* **PROBLEM**: Produce the lines from the one containing "fluidez e elegância" through the end of the material exactly as they appear, both ends included, and leave the pictures out.
::: SUPPLIED INFORMATION :::
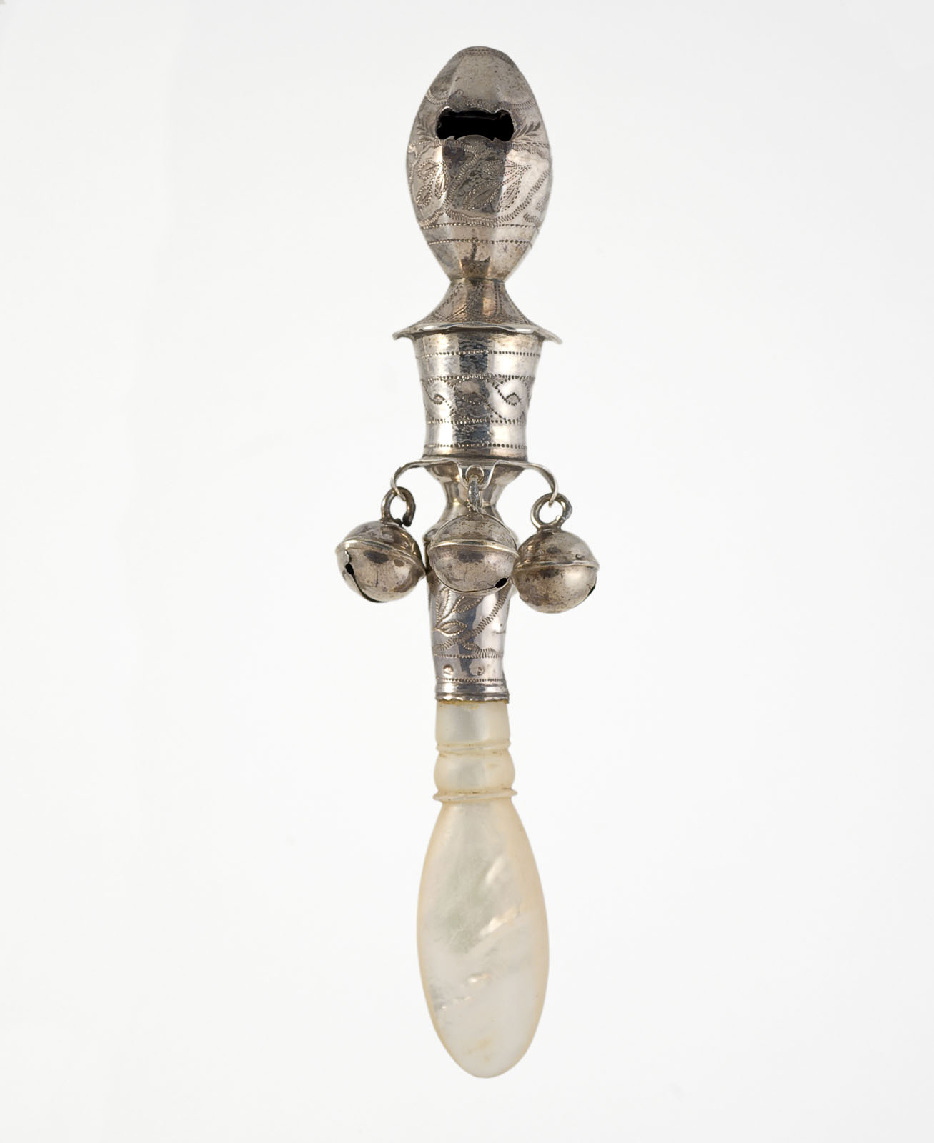 Zilveren George III rammelaar met fluitje en handvat...
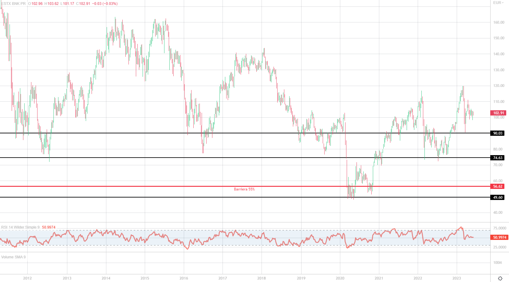 Come si vede dal grafico sotto, la barriera per l’Euro Stoxx Banks è a 56,62 punti, nei pressi dei minimi storici dell’indice bancario. Livello dunque strategico, anche perché, come ha dimostrato questa crisi bancaria che ha colpito gli USA e una banca svizzera. Le banche europee dopo anni di derisking hanno cambiato volto e si presentano ora al mercato molto più solide e patrimonializzate.
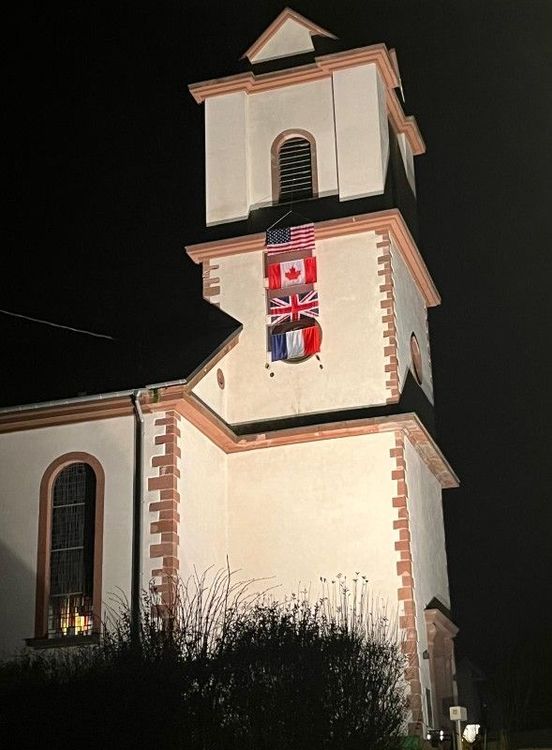 A l’origine, le clocher avait un toit. La flèche n'est érigée qu'à l'issue de la Seconde Guerre mondiale, l’église ayant subi d'importants dégâts lors des bombardements.
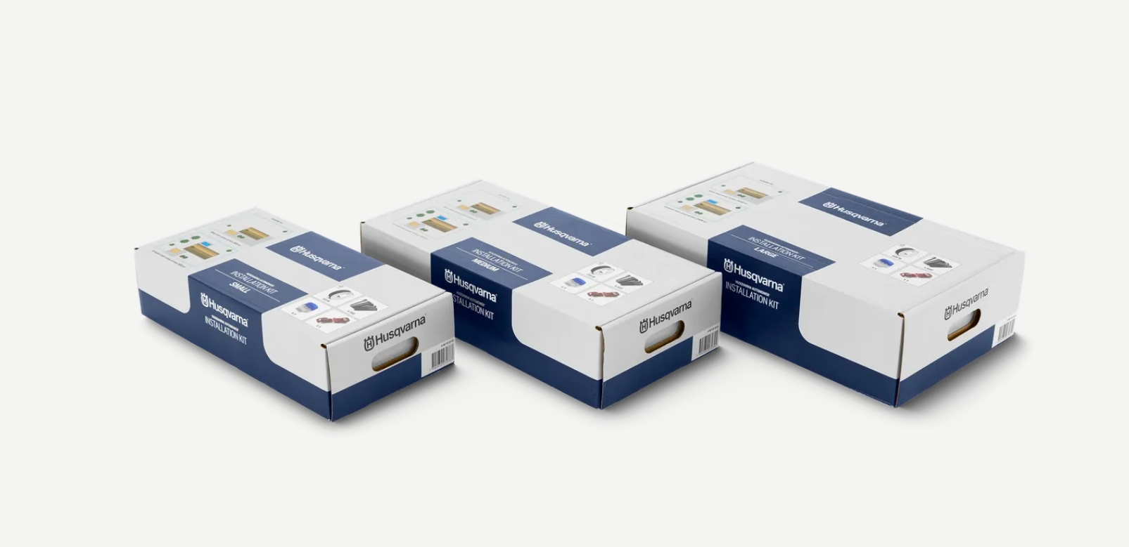 Installationskit som innehåller begränsningskabel, märlor, skarvdon och anslutningskontakter i olika antal och längd, passande din trädgård. Installationskit litet - Passande öppna ytor på maximalt 800 m² eller komplexa ytor på maximalt 400 m². Installationskit mellan - Passande öppna ytor på maximalt 2000 m² eller komplexa ytor på maximalt 1000 m². Installationskit stort - Passande öppna ytor på maximalt 5000 m² eller komplexa ytor på maximalt 2500 m².
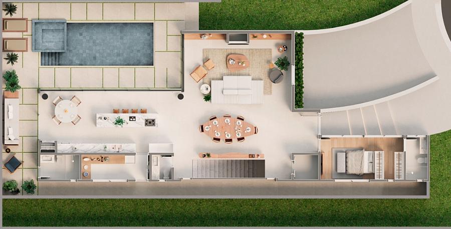 • Cozinha, sala de jantar e living com ambientes integrados, promovendo fluidez e elegância
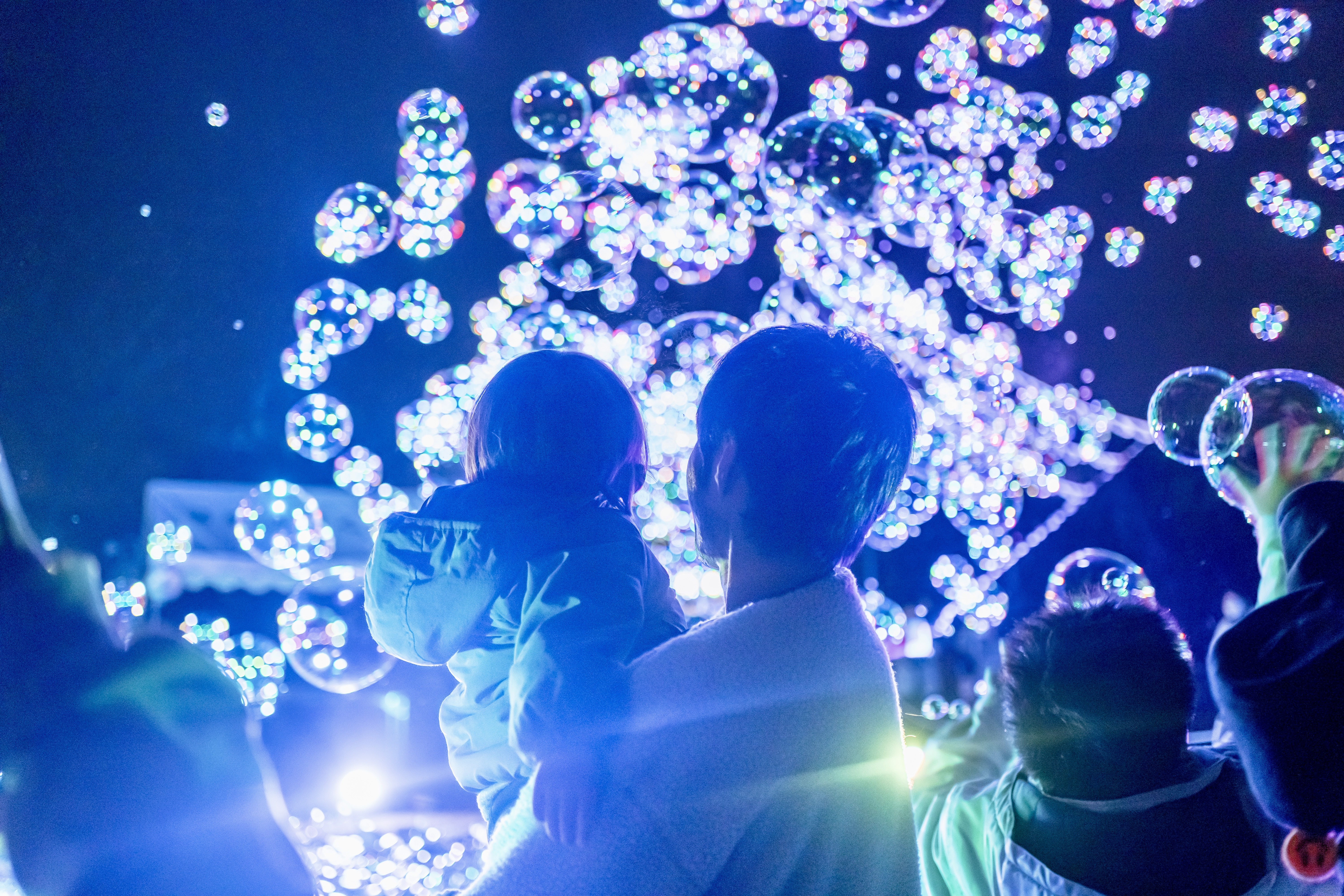 シャボン玉と光が織りなす幻想空間「ナイトバブル」開催 鳥栖アウトレットで楽しむ秋の非日常体験
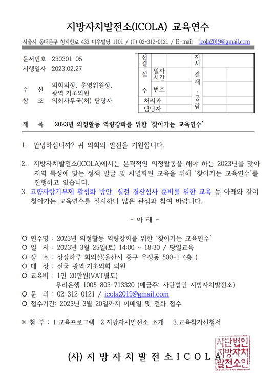 (사)지방자치발전소 (ICOLA)에서는 의회 상반기 정례회를 앞두고 제주연수를 개최합니다.〇 연수명 : 2024년 제주_결산심사 및 행정사무감사를 위한 의정연수〇 일 시 : 2024년 5월 20일 (월) ~5월 22일 (수) 오후 2시 개강〇 장 소 : 라마다제주시티홀_강의실 1층 미팅룸C / 객실 1인1실배정 / 전용차량이용〇 대 상 : 전국 광역·기초의회 의원 및 의회직원〇 교육비 : 1인 80만원(VAT포함)우리은행 1005-803-713320 (예금주: 사단법인 지방자치발전소)〇 문 의 : 02-312-0121 / icola2019@gmail.com/010-5878-5111
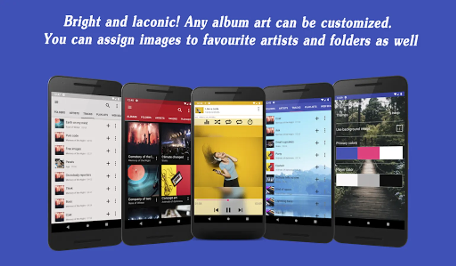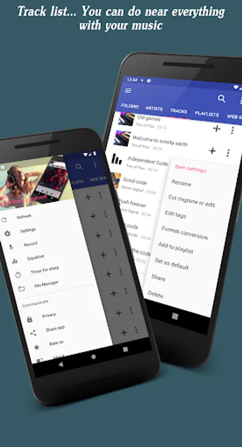 *Under music library management we meen folder, album, artist, playlist structuring and mp3 music tagger. You can download music, or upload it on your phone in any way, and any place. If you, for example, want to move your music library from PC, it will save its folder structure, and will be properly displaid withing interface, no need to create additional playlists. They often call it folder player. With embeded mp3 music tagger functionality, you can deal separately with your artist, or album, for example, rename/delete artist or change album art for the whole album.
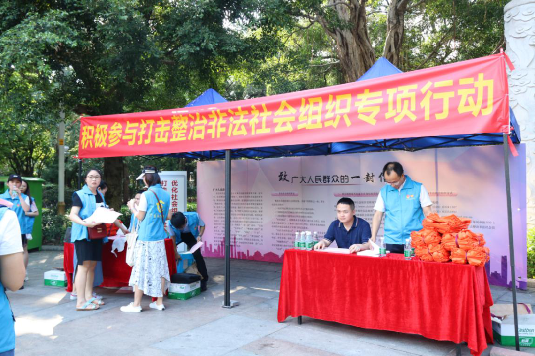 图为:广东省民政厅开展打击整治非法社会组织专项行动线下普法活动。
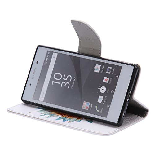OMATENTI Sony Xperia Z5 ケース, 高級PUレザー ケース 手帳型 保護ケース カード収納ホルダー付き 横置きスタンド機能付き マグネット式 スマホケース [強化ガラスフィルムを無料で贈ります] [無期限生涯補償付き] (P7 ホワイト)
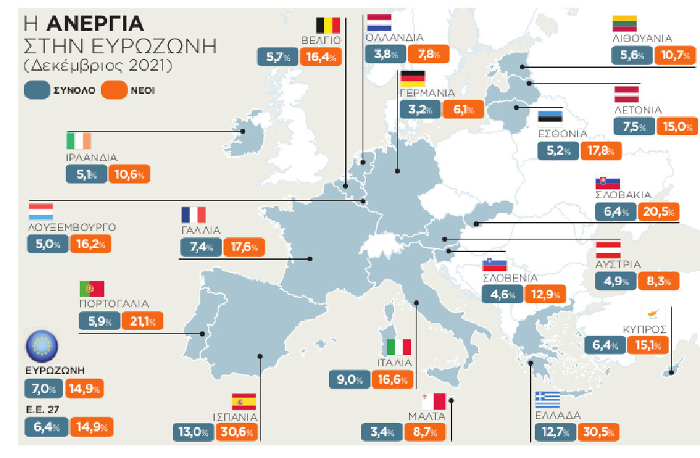 Για την Ελλάδα η Κομισιόν προβλέπει ποσοστό ανεργίας 15,0% το 2022 και 14,5% το 2023, ωστόσο η χώρα μας κινείται ήδη σε χαμηλότερα επίπεδα από τις παραπάνω προβλέψεις.
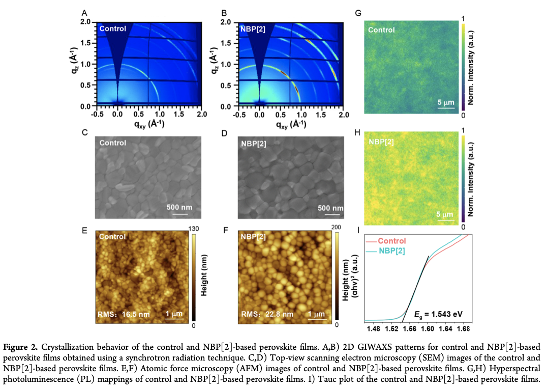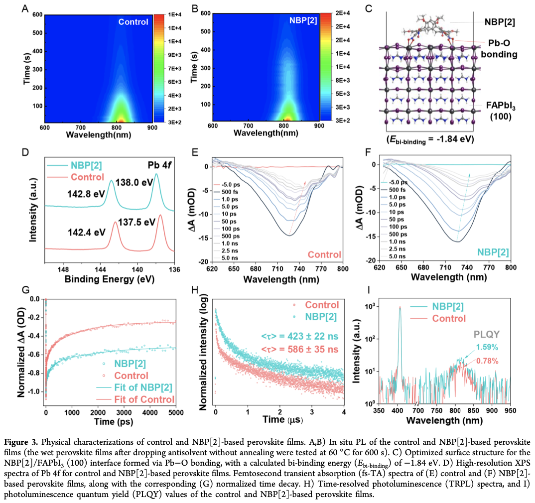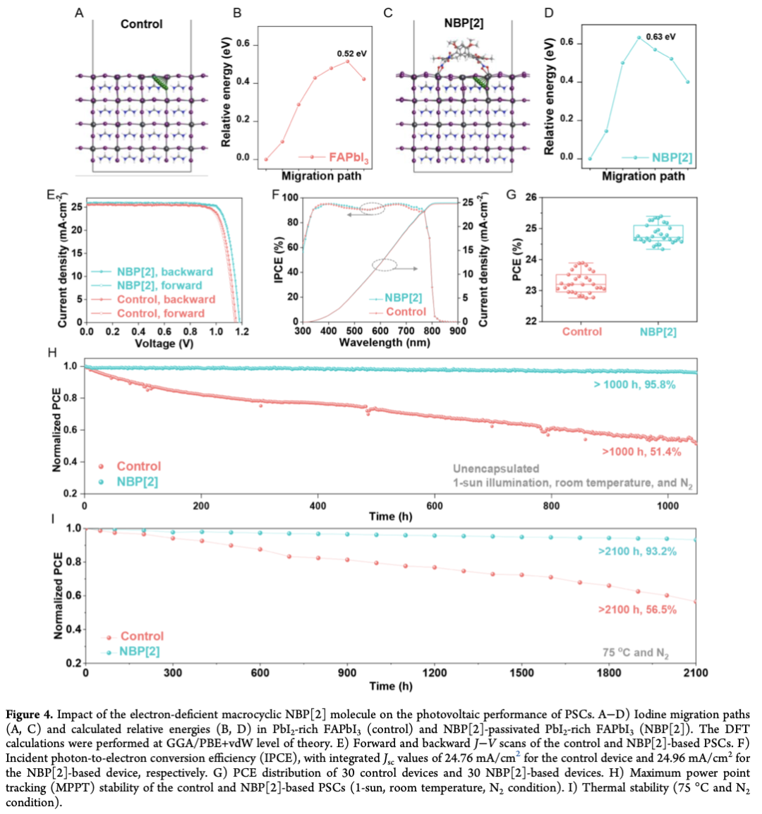 最终,基于 NBP[2] 的 PSCs 实现了 25.38% 的 PCE(对照组为 23.89%),并在室温 N₂ 气氛下 1 太阳光照射下进行 1000 小时最大功率点跟踪后仍保持 95.8% 的初始效率。
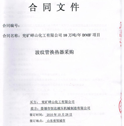 山東兗礦嶧山化工購買我司波紋管換熱器
:::
* **YOUR SOLUTION**:
 • Cozinha, sala de jantar e living com ambientes integrados, promovendo fluidez e elegância
 シャボン玉と光が織りなす幻想空間「ナイトバブル」開催 鳥栖アウトレットで楽しむ秋の非日常体験
 (사)지방자치발전소 (ICOLA)에서는 의회 상반기 정례회를 앞두고 제주연수를 개최합니다.〇 연수명 : 2024년 제주_결산심사 및 행정사무감사를 위한 의정연수〇 일 시 : 2024년 5월 20일 (월) ~5월 22일 (수) 오후 2시 개강〇 장 소 : 라마다제주시티홀_강의실 1층 미팅룸C / 객실 1인1실배정 / 전용차량이용〇 대 상 : 전국 광역·기초의회 의원 및 의회직원〇 교육비 : 1인 80만원(VAT포함)우리은행 1005-803-713320 (예금주: 사단법인 지방자치발전소)〇 문 의 : 02-312-0121 / icola2019@gmail.com/010-5878-5111
 *Under music library management we meen folder, album, artist, playlist structuring and mp3 music tagger. You can download music, or upload it on your phone in any way, and any place. If you, for example, want to move your music library from PC, it will save its folder structure, and will be properly displaid withing interface, no need to create additional playlists. They often call it folder player. With embeded mp3 music tagger functionality, you can deal separately with your artist, or album, for example, rename/delete artist or change album art for the whole album.
 图为:广东省民政厅开展打击整治非法社会组织专项行动线下普法活动。
OMATENTI Sony Xperia Z5 ケース, 高級PUレザー ケース 手帳型 保護ケース カード収納ホルダー付き 横置きスタンド機能付き マグネット式 スマホケース [強化ガラスフィルムを無料で贈ります] [無期限生涯補償付き] (P7 ホワイト)
 Για την Ελλάδα η Κομισιόν προβλέπει ποσοστό ανεργίας 15,0% το 2022 και 14,5% το 2023, ωστόσο η χώρα μας κινείται ήδη σε χαμηλότερα επίπεδα από τις παραπάνω προβλέψεις.
 最终,基于 NBP[2] 的 PSCs 实现了 25.38% 的 PCE(对照组为 23.89%),并在室温 N₂ 气氛下 1 太阳光照射下进行 1000 小时最大功率点跟踪后仍保持 95.8% 的初始效率。
 山東兗礦嶧山化工購買我司波紋管換熱器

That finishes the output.